▶ Goal of the exercise
Transcribe nothing except the lines below that run from the one with "Composição: 70% Algodão" to the one with "Сегодня на проспекте", ends included, and do not copy any picture.

▶ Task data
╭──

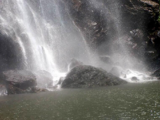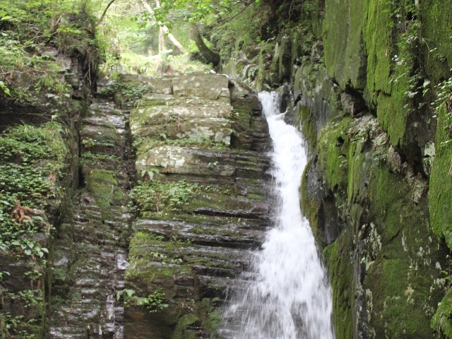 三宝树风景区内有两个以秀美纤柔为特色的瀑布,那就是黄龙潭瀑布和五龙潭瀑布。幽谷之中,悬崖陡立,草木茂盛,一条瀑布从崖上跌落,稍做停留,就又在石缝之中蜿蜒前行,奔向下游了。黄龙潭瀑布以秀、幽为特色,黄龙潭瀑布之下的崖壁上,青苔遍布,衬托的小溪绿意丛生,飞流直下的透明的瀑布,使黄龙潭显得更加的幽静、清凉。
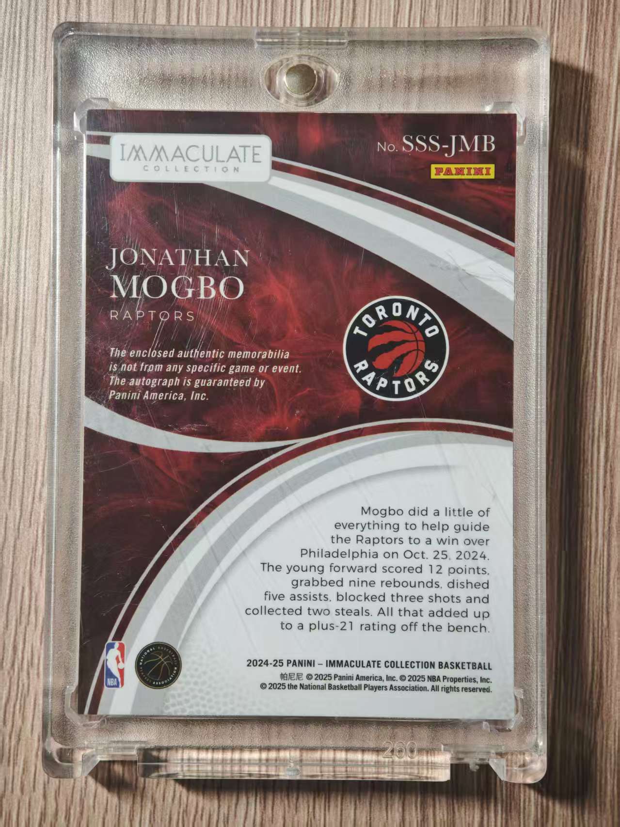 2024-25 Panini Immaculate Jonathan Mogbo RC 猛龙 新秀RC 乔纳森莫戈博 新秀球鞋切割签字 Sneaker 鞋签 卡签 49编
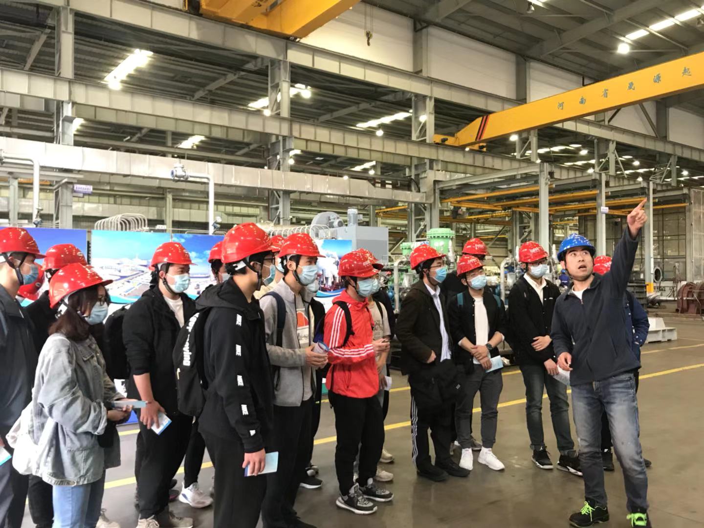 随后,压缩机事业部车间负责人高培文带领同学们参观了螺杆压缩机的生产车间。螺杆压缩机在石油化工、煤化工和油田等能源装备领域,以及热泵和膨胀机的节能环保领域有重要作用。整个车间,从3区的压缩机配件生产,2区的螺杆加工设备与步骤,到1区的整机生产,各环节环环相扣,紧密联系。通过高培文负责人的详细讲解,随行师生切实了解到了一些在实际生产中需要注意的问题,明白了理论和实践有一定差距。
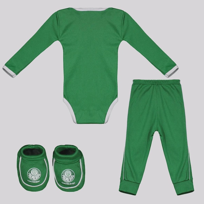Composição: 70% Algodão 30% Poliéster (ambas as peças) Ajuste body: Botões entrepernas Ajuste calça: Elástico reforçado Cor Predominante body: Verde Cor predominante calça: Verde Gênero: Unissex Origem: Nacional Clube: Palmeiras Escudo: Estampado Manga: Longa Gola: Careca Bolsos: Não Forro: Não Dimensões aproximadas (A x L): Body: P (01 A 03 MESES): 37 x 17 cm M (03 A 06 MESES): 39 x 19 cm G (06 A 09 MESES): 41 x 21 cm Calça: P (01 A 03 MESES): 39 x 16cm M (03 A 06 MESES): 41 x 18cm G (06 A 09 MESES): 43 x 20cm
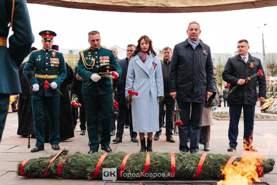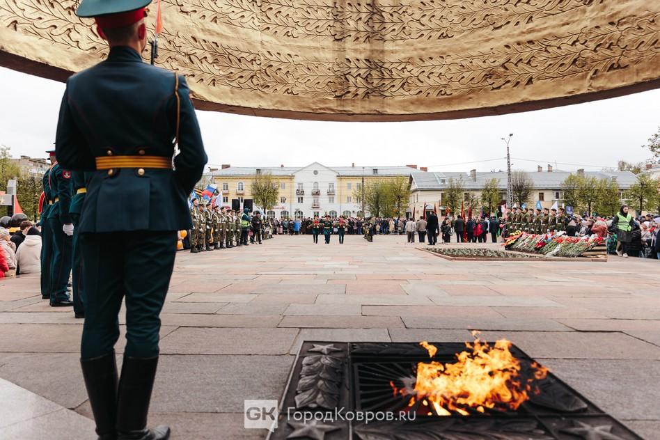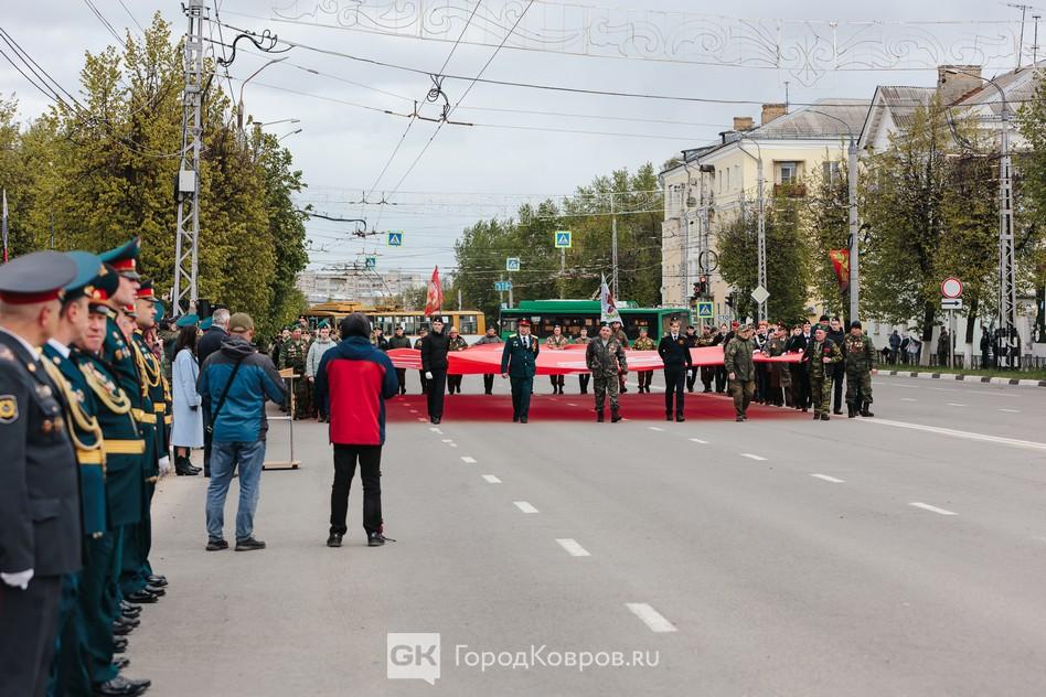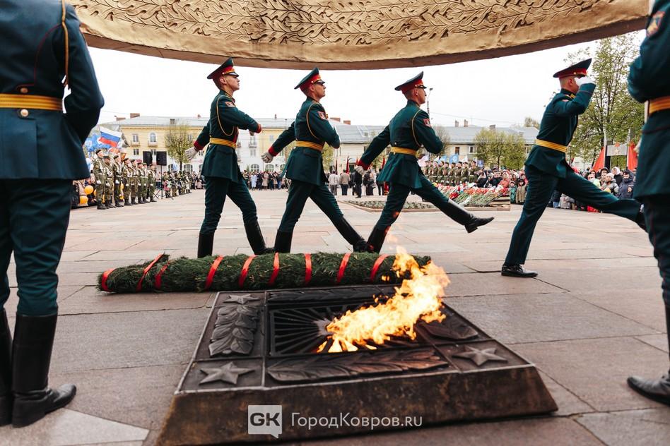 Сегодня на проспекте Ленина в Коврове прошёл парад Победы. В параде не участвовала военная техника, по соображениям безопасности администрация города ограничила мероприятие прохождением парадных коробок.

╰──
╭──

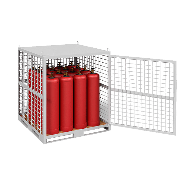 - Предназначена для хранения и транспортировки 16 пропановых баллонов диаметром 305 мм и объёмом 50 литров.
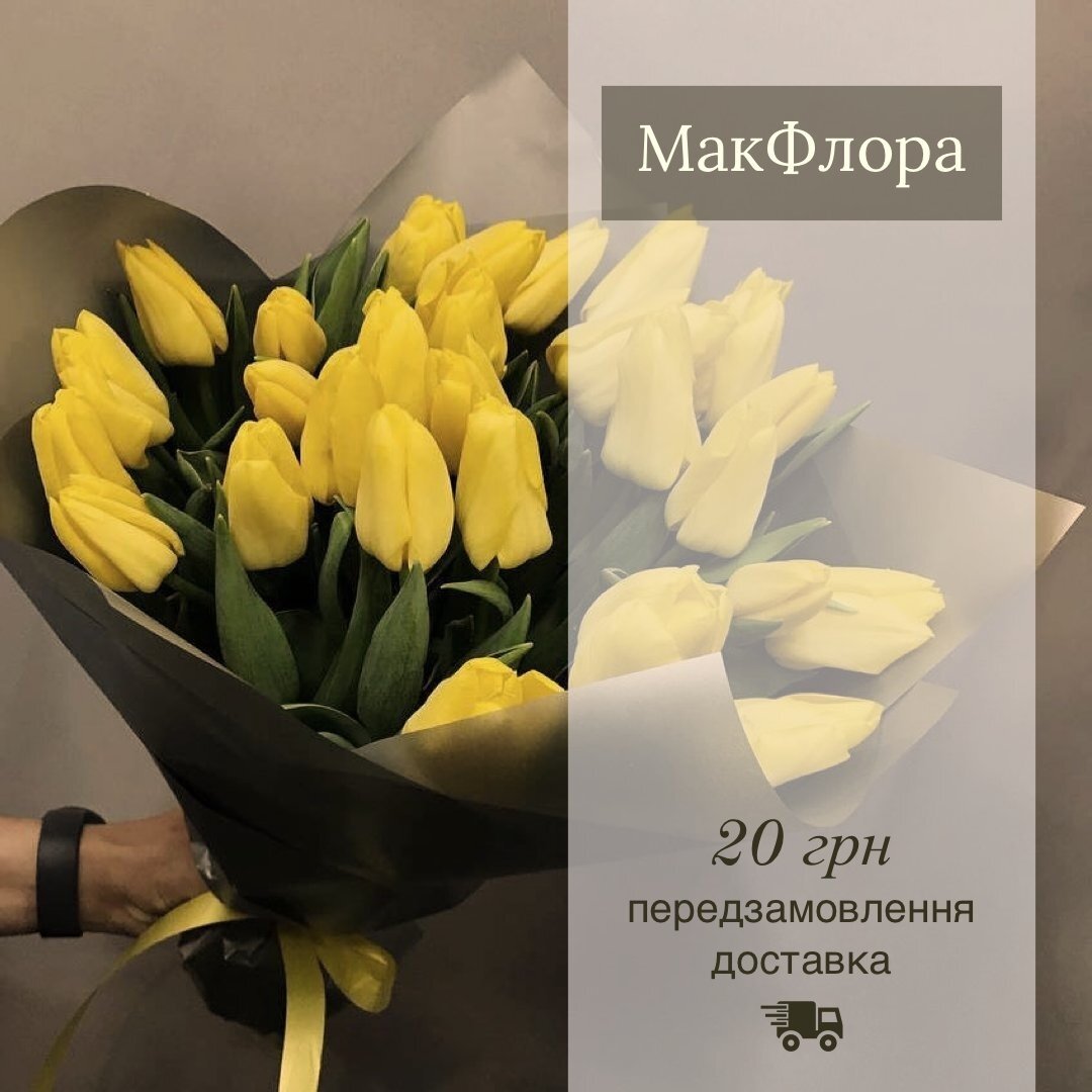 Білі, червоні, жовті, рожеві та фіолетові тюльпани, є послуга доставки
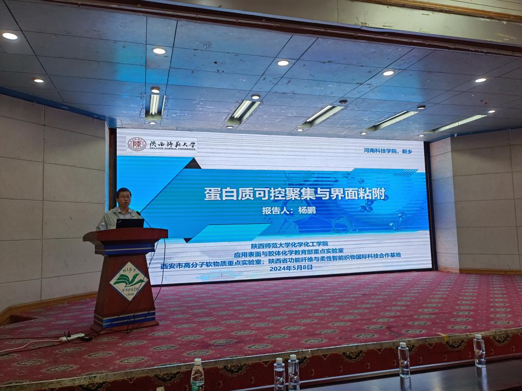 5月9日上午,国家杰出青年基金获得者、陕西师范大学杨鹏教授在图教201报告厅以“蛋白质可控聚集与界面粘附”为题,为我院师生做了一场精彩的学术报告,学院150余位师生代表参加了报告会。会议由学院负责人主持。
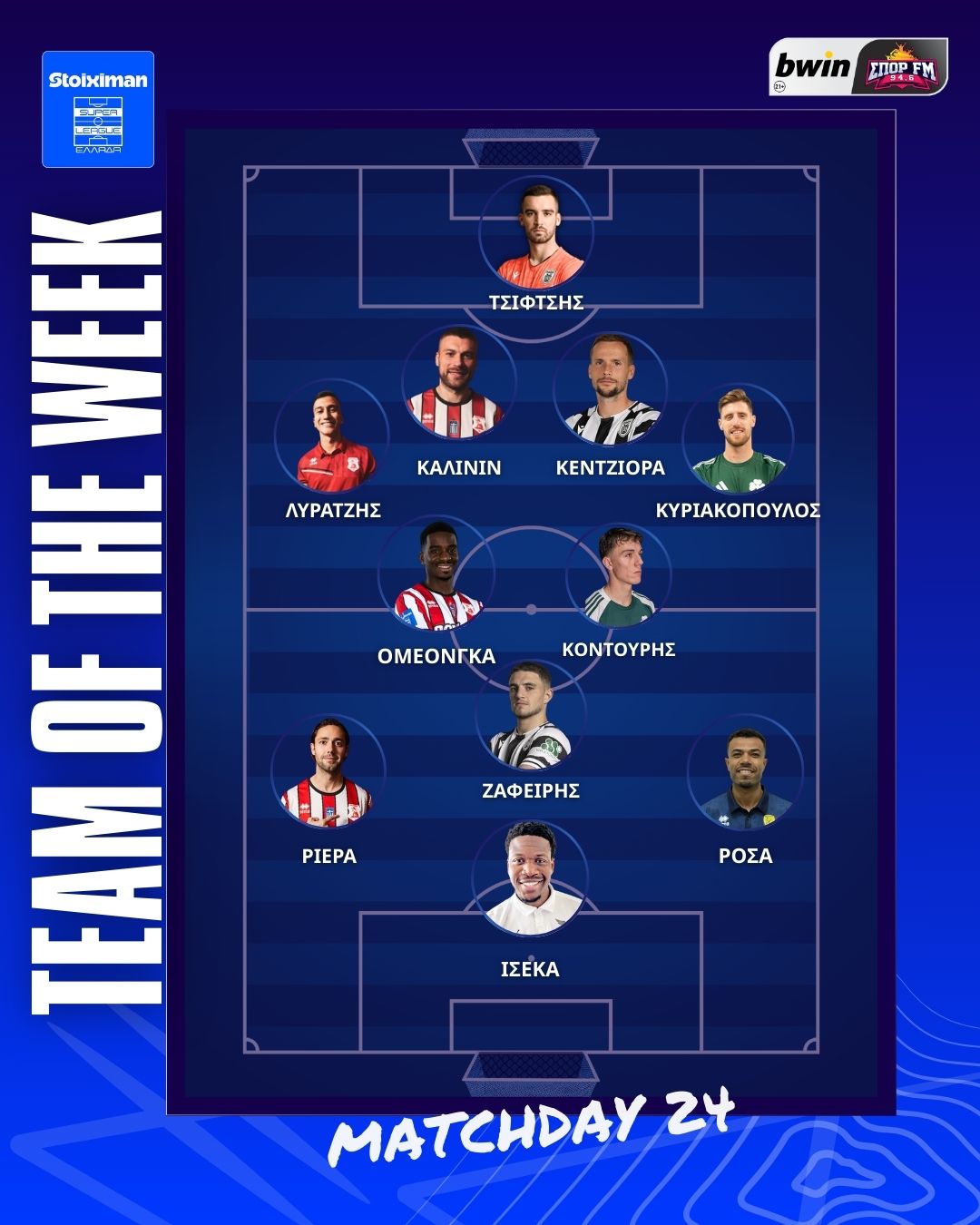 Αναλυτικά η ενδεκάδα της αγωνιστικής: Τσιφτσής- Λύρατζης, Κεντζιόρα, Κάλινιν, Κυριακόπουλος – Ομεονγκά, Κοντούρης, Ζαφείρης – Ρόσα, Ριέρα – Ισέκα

╰──
╭──

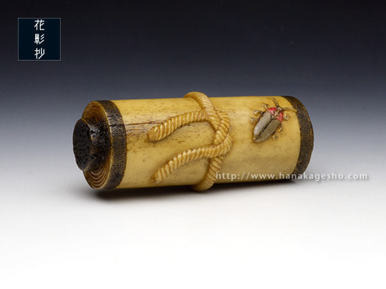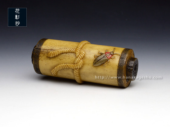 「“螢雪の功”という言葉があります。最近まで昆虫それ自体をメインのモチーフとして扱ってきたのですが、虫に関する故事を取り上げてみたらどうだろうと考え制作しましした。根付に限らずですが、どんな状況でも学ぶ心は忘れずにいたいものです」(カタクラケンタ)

╰──

▶ Task output
Composição: 70% Algodão 30% Poliéster (ambas as peças) Ajuste body: Botões entrepernas Ajuste calça: Elástico reforçado Cor Predominante body: Verde Cor predominante calça: Verde Gênero: Unissex Origem: Nacional Clube: Palmeiras Escudo: Estampado Manga: Longa Gola: Careca Bolsos: Não Forro: Não Dimensões aproximadas (A x L): Body: P (01 A 03 MESES): 37 x 17 cm M (03 A 06 MESES): 39 x 19 cm G (06 A 09 MESES): 41 x 21 cm Calça: P (01 A 03 MESES): 39 x 16cm M (03 A 06 MESES): 41 x 18cm G (06 A 09 MESES): 43 x 20cm
 Сегодня на проспекте Ленина в Коврове прошёл парад Победы. В параде не участвовала военная техника, по соображениям безопасности администрация города ограничила мероприятие прохождением парадных коробок.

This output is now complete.